LA FAUTE GRAVE EN QUELQUES POINTS

  • Le licenciement pour faute grave est un licenciement pour motif personnel, il n’est pas motivé par des raisons économiques, même si ce qui est reproché au salarié entraine des conséquences pour l’entreprise.
  • Comme tous les licenciements, un licenciement pour faute grave doit être motivé par une cause réelle et sérieuse, c’est-à-dire par des faits objectifs et sérieux, vérifiables, et non par un sentiment ou jugement subjectif. Il arrive qu’après une forte tension avec son employé que l’employeur veuille passer directement a un licenciement mais ceci n’est pas un motif suffisent si la tension n’est pas cause par un faute commis par l’employé de son gré.
  • Même si le licenciement est objectif, cela n’est pas suffisant pour justifier un licenciement pour faute grave. Il faut impérativement que les faits reprochés à l’employé soient indiscutables. Il y’a tout de même une spécificité entre une faute et une faute grave.

 

La spécificité de la faute grave

Le salarié et son employeur ne sont généralement jamais d’accord sur la gravité de la faute. Il n’est y’a pas définition d’une faute grave régit par le code du travail. Cependant, la Cour de cassation précise que « La faute commise par le salarié ne peut être qualifiée de grave que si elle a eu une répercussion sur le fonctionnement normal de l’entreprise » (Cour de cassation, 9 janvier 2013, N° : 11-21069). Toutefois il y’a des cas ou le licenciement est interdit.

Qu’est-ce qu’un licenciement abusif ?

Un licenciement est abusif lorsque l’employeur n’a pas de motif valable pour entamer une procédure de licenciement à l’égard de son employeur. Tous licenciement doit être justifies par un motif. Les causes d’un licenciement peuvent être réelle ou sérieuse.

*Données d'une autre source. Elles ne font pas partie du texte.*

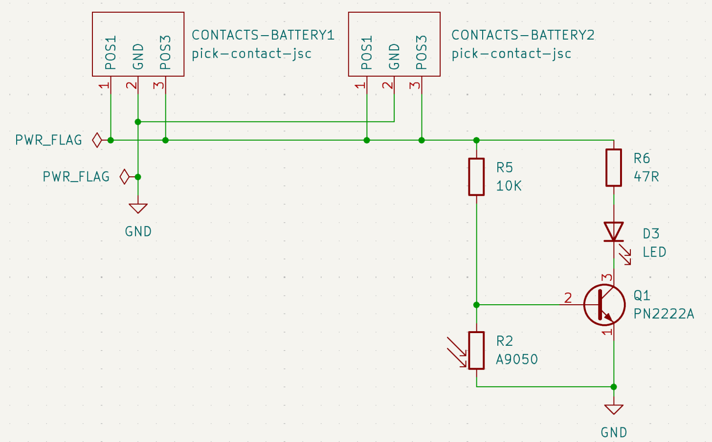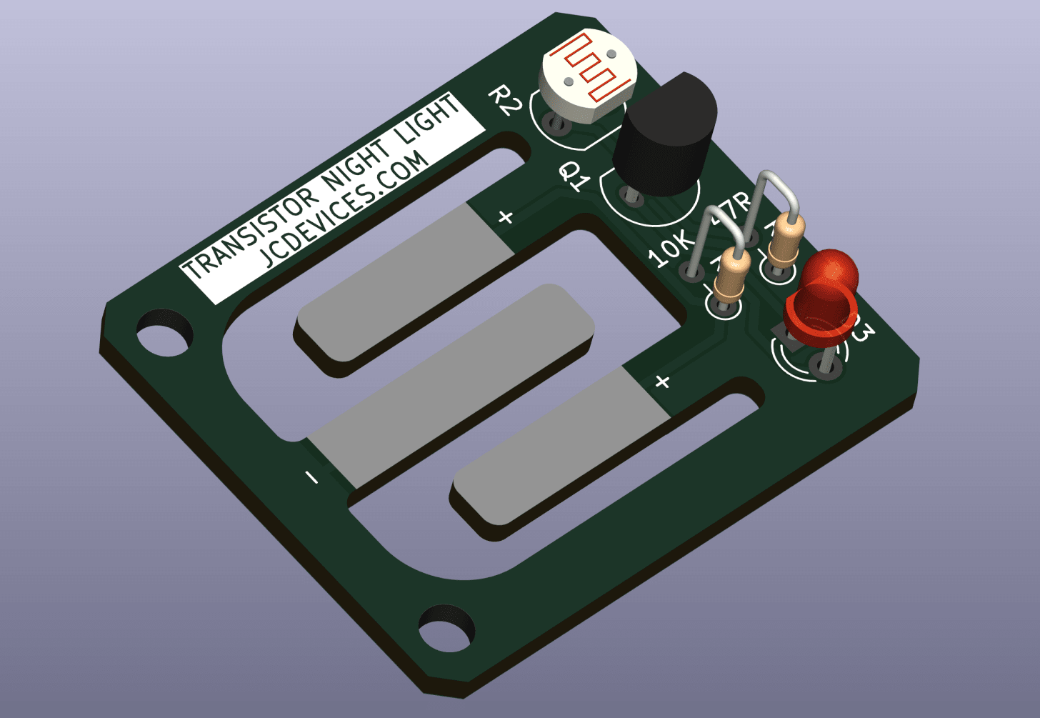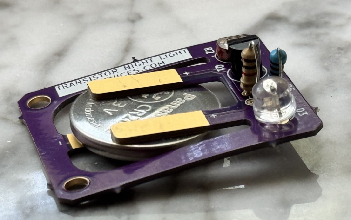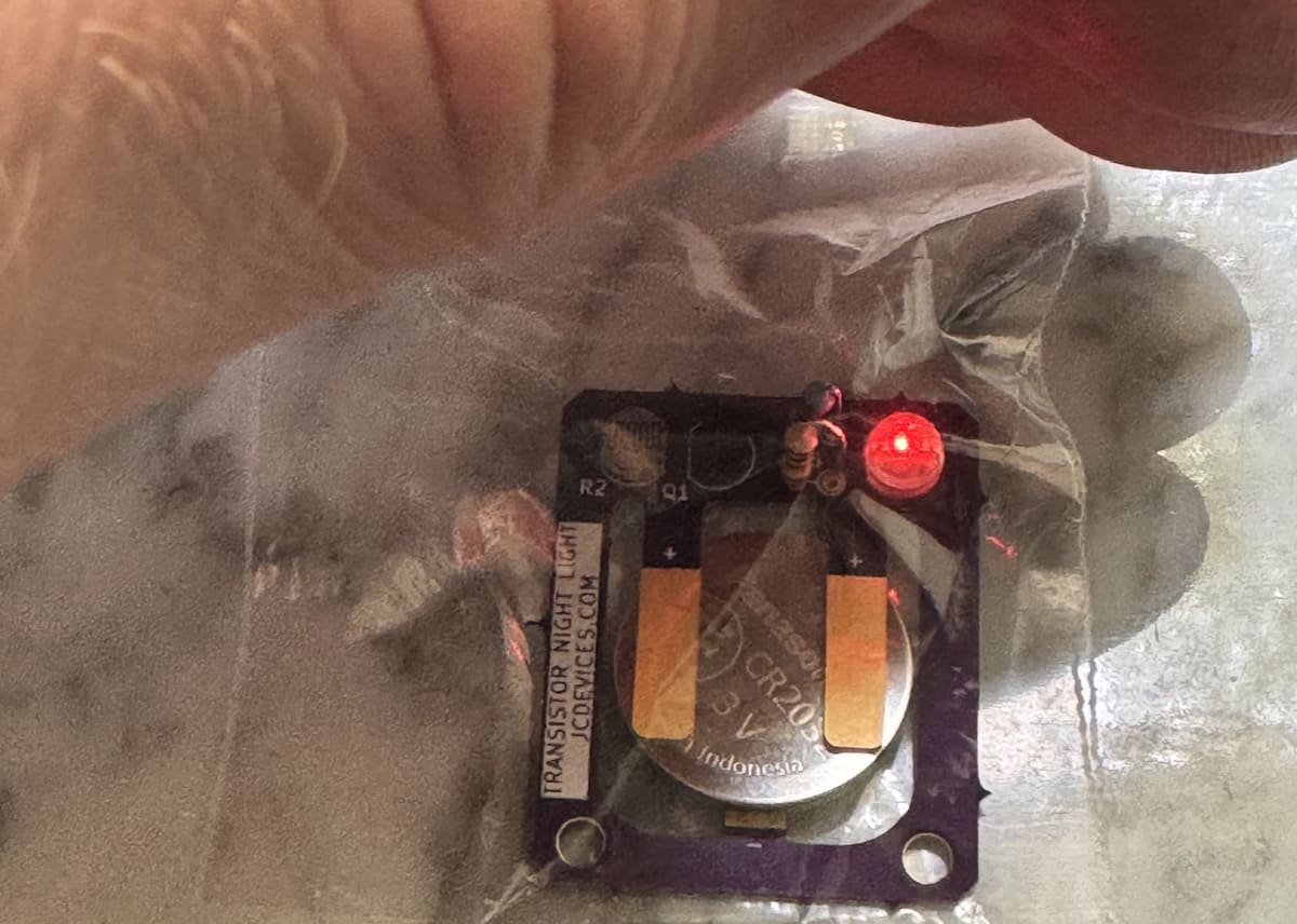Long story short, when it gets dark enough, the transistor (Q1) allows current to flow through the light-emitting diode (LED) to emit light. Resistor R6 limits the current flow to the LED, which was increased significantly (~1000Ω) to stretch out battery life. Maybe I could make it even higher.

LA CAUSE REELLE OBJECTIVE OU EXACTE

Une cause objective est une cause que l’on peut vérifier. Les juges emploient le terme de « griefs matériellement vérifiables ». Ce qui est le cas pour des retards accumulés par exemple. En revanche, lorsque l’employeur prétexte des raisons fallacieuses pour justifier le licenciement, il peut s’exposer à des poursuites. Le motif d’un licenciement ne doit pas être personnel, il doit forcément être liée au travail. Si l’employeur n’a plus confiance à son employé par rapport à son travail, il faut des erreurs vérifiables pour que ce motif soit valable. Les retards ou absences de l’employé peuvent être des motifs de licenciement si elle handicape le bon fonctionnement de l’entreprise.

Il faut que les motifs invoqués pour justifier le licenciement soient établis. Dans le cas par exemple de non atteinte des résultats ou objectifs exigés par l’employeur, ce dernier doit être en mesure de prouver la faute motivant sa décision de licencier l’employé.

Il existe cependant une clause restrictive à ce principe. En effet, lorsqu’une faute est constatée par l’employeur, il dispose de deux mois pour la notifier à son employé par lettre recommandée. Passé ce délai, la faute est prescrite et le licenciement devient impossible.

On parle de cause exacte si on est en face d’une situation nette, il n ‘y a pas dans ce cas de justificatif à donner, Si l’employé face à son employeur a commis des faute grave, il peut être licencié. Toutefois l’employeur ne doit pas évoquer des motifs de renvoi comme des prétextes pour remercier son employeur.

LA CAUSE EST SERIEUSE

Une cause est dite sérieuse lorsque les faits qui sont exposés par l’employeur sont suffisamment  pertinents pour justifier un licenciement. Par exemple, un employeur qui soupçonnera, preuve à l’appui, son employé de détourner de l’argent ou de nuire volontairement à l’entreprise par ses actes.

En résumé, un licenciement abusif désigne toute rupture du contrat de travail qui n’aurait pas été motivée par des raisons valables, vérifiables et sur lesquelles, aucun doute ne serait possible.